Credit insurers such
as MBIA, the world's largest financial guarantor,
whose shares have dropped 81% in 2007 to $13 from
a high of $73, are on the brink of bankruptcy from
their deteriorating capital position in light of
rating agencies reviews of residential
mortgage-backed securities and collateralized debt
obligations that have been insured by MBIA, or
similar insurers, reviews that are expected to
stress claims-paying ability.
On December
10, 2007, MBIA received a $1 billion boost to its
cash reserves from private equity firm Warburg
Pincus in an effort to protect its credit rating.

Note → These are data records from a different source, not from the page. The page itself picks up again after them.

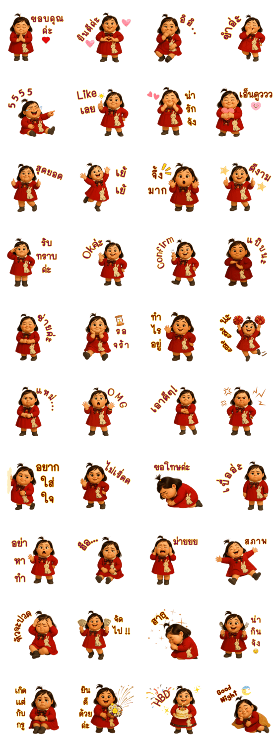 | スタンプ説明 | the chubby little girl in the red dress. |
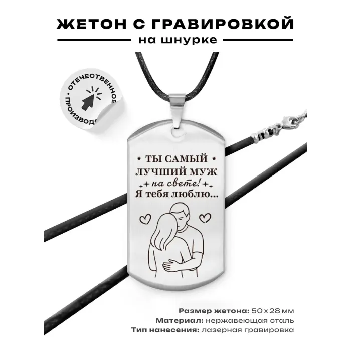 Размеры и комплектация: Размер жетона 50х28 мм. В комплекте шнурок с застёжкой. Упаковка — прозрачный пакет.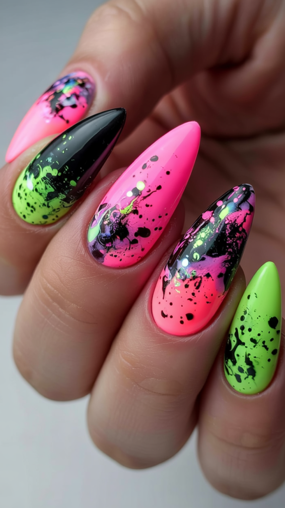 This almond-shaped design is an edgy statement piece that combines almond, black and lime with neon pink to create a splattered paint effect. The abstract art-inspired design integrates raw power together with rebellious energy to create this perfect style. The design is perfect for summer appearances paired with bold clothing that creates an eye-catching effect. The choice of nails coated with a sparkling finish enhances its electric appeal.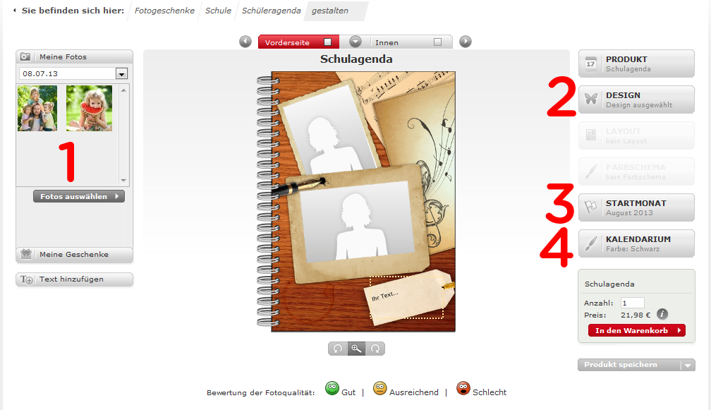 Die Schüleragenda finden Sie online im Bereich „Fotogeschenke“.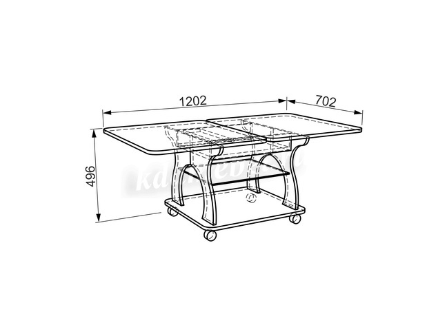 Стол журнальный раскладной "Купер" имеет прямоугольную форму с чуть закругленными углами крышки стола. Это раскладная модель, что позволит вам увеличить размер журнального стола в два раза. Для этого вам потребуется только откинуть одну половину крышки стола. При разложении стол получается большой, что позволит свободно усадить за него до 12 человек. Под основной крышкой стола имеется стеклянная полка для газет, книг, журналов и пультов. Интересный изгиб "ножек" придает столу оригинальный вид. Стол журнальный раскладной "Купер" на роликах, поэтому вы сможете легко и свободно передвигать его по всей комнате. г. Ижевск.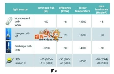 目前使用於車上的燈源可區分為白熾燈泡、鹵素燈泡、氣體放電式燈泡與LED光源,其比較如圖4所示。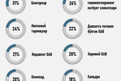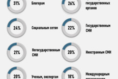 Журнал "Экономическое обозрение" провел опрос среди читателей, в котором изучена степень доверия населения источникам информации. Анализ показал, что больше всего граждане доверяют – блогерам (31%), на втором месте – государственные органы пресс-служб (26%), на третьем – социальные сети.
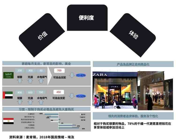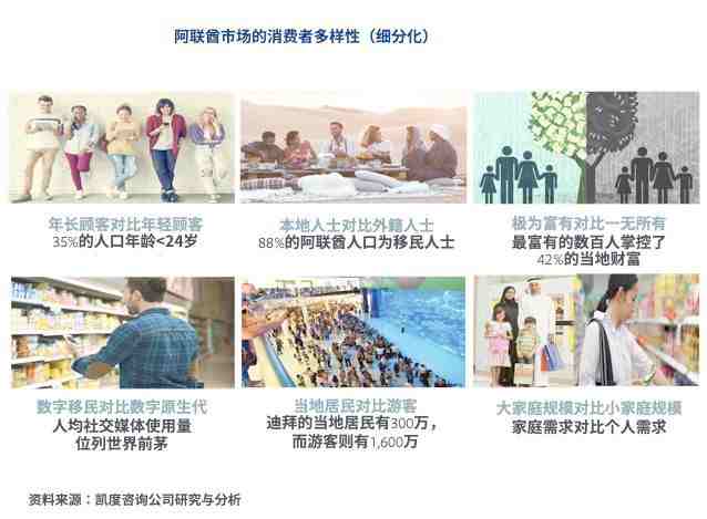 从消费者多样性方面来看,中东地区消费者的概况、其对购物及电商的看法,以及在购物旅程中所关注的方面均存在差异。即使放眼同一个市场,中东消费者仍呈现多样化,如迪拜富豪追求体验式零售服务而蓝领工人需要的是实用性购物体验。所以,品牌"一刀切"的策略在中东地区是不可能取得成功的。

By January 10, 2008, MBIA announced it would try
to raise another $1 billion in "surplus notes" at
12% yield. The next day, traders reported that the
deal was facing problems in attracting investors
and might have to raise the yield to 15%. But Bill
Ackman of Pershing Square Capital Management told
Bloomberg that regulators can be expected to block
payment to surplus note holders. Further, raising
enough new capital to retain credit ratings would
so dilute existing shareholder value as to remove
all incentive to save the enterprise.
Maintaining an AAA credit rating is of
utmost important to bond insurers like MBIA
because they need a strong credit rating in order
to guarantee debt. Moody's, Standard & Poor's
and Fitch are all reviewing the financial strength
ratings of bond insurers, which write insurance
policies and other contracts protecting lenders
from defaults.
For the insurers to
maintain the necessary triple-A rating, their
capital reserve would have to be repeatedly
increased along with the premium they charge.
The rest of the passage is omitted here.